Mia e la voragine: una fiaba visionaria

Mia è una preadolescente timida, riservata e curiosa che vive nell’ombra della madre Alma, pediatra brillante e anaffettiva che tenta di colmare con il successo professionale il vuoto lasciato dalla morte del marito. Un lutto mai elaborato che la porta ogni estate a trascinare la figlia nel paesino sperduto dove il marito è letteralmente scomparso, per trasformare la vecchia casa di famiglia in un apprezzatissimo ambulatorio temporaneo e usare il consenso popolare come terapia contro l’horror vacui delle vacanze estive. Avrebbe un sacco di domande, la povera Mia, sempre più relegata nell’angolo di una casa che deve contenere l’ego della madre, ma tutto rimbalza contro il muro di gomma delle risposte scientifiche di Alma, che fa del linguaggio medico un’arma di difesa e prescrive per sé e la figlia dei pesantissimi silenzi terapeutici.

Riassunta così, la trama di Mia e la voragine contiene tutte le premesse per un bel drammone sull’incomunicabilità famigliare, uno di quei mattoni “due camere e cucina” che, se portato sul grande schermo, diventerebbe il soporifero esercizio di un regista post-antonioniano che tiene a bada una Margherita Buy al limite e una sconosciuta esordiente dall’accento lievemente romano.
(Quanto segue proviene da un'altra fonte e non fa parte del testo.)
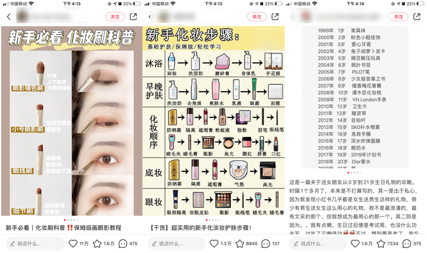 5)懂得一篇化妆教程笔记、护肤攻略笔记背后,会被即将毕业的大学生,或者出入职场的白领收藏,而且刚开始学习撸妆时,还会频繁翻出来阅读,最后记住了这个品牌。

Per fortuna non è mai la storia ma il modo in cui la si racconta, e Diana Ligorio – autrice di documentari qui al suo romanzo d’esordio con la sempre coraggiosa e originale Terrarossa Edizioni – sceglie la direzione visionaria, quella delle ragazzine risucchiate da un pericoloso Paese delle Meraviglie che parte dall’Alice di Lewis Carroll per arrivare alla Coraline di Neil Gaiman e – ribadendo il parallelismo cinematografico – al Guillermo Del Toro più messicano, quello dei fauni e dei mostri sentimentali.

Diana Ligorio

Mia e la voragine è una fiaba sull’accettazione della perdita e sull’inevitabilità di farsi male per crescere, che l’autrice sceglie di scrivere in una prima persona singolare adatta a restituire sia la cadenza dialettale della protagonista, sia il suo sguardo tardo-infantile filtrato da una fantasia inesauribile. Mia è una flâneuse annoiata e infelice che trascina una gamba affetta da zoppia e scappa da una dimensione domestica insostenibile, trasformando tanto la madre quanto tutto ciò che la spaventa o non le piace in creatura fantastica: adulti e bambini diventano animali antropomorfi o figure eteree che sembrano attingere all’immaginario del Pinocchio di Collodi (e di Comencini), mentre il paesaggio che la circonda è quello di una Puglia selvaggia e incantata, dove gli ulivi sono mostri ricurvi e tentacolari, le piogge rovesci torrenziali e traditori e le gravine voragini naturali e interiori. Come quella del titolo, una fossa apparentemente senza fondo che diventa l’entrata di una dimensione parallela tutta da esplorare, un nostrano upside down dove dimorano fantasmi del passato e sensi di colpa da affrontare per raggiungere maturità e consapevolezza.

Gravina Grande
Pietro D’Ambrosio, CC BY-SA 3.0 http://creativecommons.org/licenses/by-sa/3.0/, via Wikimedia Commons

Da buona documentarista, Ligorio è bravissima a evocare immagini funzionali alle sensazioni che vuole raccontare, a creare un universo immaginario e realistico allo stesso tempo, a usare l’ambientazione come proiezione dell’interiorità dei personaggi: Mia e la voragine è un libro che si vede, un romanzo breve ed essenziale che va dritto al punto, tirando il lettore dentro la gravina il tempo necessario per farlo evadere e riflettere. Come in certe storie di Buzzati, ma senza lasciarti l’amaro in bocca.  

Ancora una volta Terrarossa si dimostra casa editrice attenta alla sperimentazione e alla contaminazione di generi, arricchendo il catalogo con un’opera adatta tanto ai lettori più giovani quanto ai loro genitori: una storia fantastica che, se portata sul grande schermo, potrebbe diventare l’esercizio visionario di un regista post-felliniano che tiene a bada una sconosciuta esordiente dall’accento lievemente barese e – perché no? – una Margherita Buy coerentemente sopra le righe.